**Problem requirements**
Although the data below holds other lines too, output only those from the line with "Луи Сюрюг по" up to and including the line with "Nette origineel Nederlands", exactly as they appear.

══ Extracted material

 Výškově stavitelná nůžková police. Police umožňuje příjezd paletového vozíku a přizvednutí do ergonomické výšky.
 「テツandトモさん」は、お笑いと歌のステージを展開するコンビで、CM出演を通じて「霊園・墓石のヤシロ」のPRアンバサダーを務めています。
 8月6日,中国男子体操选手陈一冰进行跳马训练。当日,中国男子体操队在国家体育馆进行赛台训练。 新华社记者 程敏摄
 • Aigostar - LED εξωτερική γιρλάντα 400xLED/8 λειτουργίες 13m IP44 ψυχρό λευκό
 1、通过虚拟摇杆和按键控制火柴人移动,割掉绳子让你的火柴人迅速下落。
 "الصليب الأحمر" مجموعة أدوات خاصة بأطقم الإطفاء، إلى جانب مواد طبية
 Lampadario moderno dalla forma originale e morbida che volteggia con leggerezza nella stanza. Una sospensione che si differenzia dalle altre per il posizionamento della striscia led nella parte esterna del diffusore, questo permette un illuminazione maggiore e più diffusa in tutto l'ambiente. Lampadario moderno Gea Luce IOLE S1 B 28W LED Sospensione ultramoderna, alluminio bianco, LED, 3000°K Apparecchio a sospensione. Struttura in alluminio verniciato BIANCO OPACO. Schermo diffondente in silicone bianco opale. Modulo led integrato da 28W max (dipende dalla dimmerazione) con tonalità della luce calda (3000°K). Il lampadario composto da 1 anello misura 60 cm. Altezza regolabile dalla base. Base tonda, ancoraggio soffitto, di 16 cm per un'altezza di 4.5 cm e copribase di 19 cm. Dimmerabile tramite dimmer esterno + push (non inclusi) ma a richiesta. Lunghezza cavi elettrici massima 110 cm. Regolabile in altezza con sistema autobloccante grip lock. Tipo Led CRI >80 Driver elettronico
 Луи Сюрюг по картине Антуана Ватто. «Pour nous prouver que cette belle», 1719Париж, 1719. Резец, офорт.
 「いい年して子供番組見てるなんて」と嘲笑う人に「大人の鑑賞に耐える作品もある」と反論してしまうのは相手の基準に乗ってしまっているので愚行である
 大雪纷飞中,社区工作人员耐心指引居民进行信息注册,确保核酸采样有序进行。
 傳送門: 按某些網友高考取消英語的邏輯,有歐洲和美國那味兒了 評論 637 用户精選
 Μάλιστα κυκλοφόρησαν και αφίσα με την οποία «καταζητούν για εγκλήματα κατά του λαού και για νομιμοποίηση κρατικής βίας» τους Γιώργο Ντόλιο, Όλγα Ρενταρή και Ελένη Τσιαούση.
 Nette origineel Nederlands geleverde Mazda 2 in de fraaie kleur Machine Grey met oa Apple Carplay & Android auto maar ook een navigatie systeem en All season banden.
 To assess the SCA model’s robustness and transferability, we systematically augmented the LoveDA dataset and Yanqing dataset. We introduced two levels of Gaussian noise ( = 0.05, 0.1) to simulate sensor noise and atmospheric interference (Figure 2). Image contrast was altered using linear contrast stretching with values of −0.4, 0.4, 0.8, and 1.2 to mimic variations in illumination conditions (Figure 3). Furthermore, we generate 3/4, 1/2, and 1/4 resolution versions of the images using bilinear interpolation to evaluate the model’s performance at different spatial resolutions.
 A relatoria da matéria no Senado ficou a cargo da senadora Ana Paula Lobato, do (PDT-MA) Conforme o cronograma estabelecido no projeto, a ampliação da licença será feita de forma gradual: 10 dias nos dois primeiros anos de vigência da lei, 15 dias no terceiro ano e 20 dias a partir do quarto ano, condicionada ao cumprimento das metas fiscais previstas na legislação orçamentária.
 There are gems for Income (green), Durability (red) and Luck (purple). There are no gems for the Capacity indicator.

════

**Solution to this task**
 Луи Сюрюг по картине Антуана Ватто. «Pour nous prouver que cette belle», 1719Париж, 1719. Резец, офорт.
 「いい年して子供番組見てるなんて」と嘲笑う人に「大人の鑑賞に耐える作品もある」と反論してしまうのは相手の基準に乗ってしまっているので愚行である
 大雪纷飞中,社区工作人员耐心指引居民进行信息注册,确保核酸采样有序进行。
 傳送門: 按某些網友高考取消英語的邏輯,有歐洲和美國那味兒了 評論 637 用户精選
 Μάλιστα κυκλοφόρησαν και αφίσα με την οποία «καταζητούν για εγκλήματα κατά του λαού και για νομιμοποίηση κρατικής βίας» τους Γιώργο Ντόλιο, Όλγα Ρενταρή και Ελένη Τσιαούση.
 Nette origineel Nederlands geleverde Mazda 2 in de fraaie kleur Machine Grey met oa Apple Carplay & Android auto maar ook een navigatie systeem en All season banden.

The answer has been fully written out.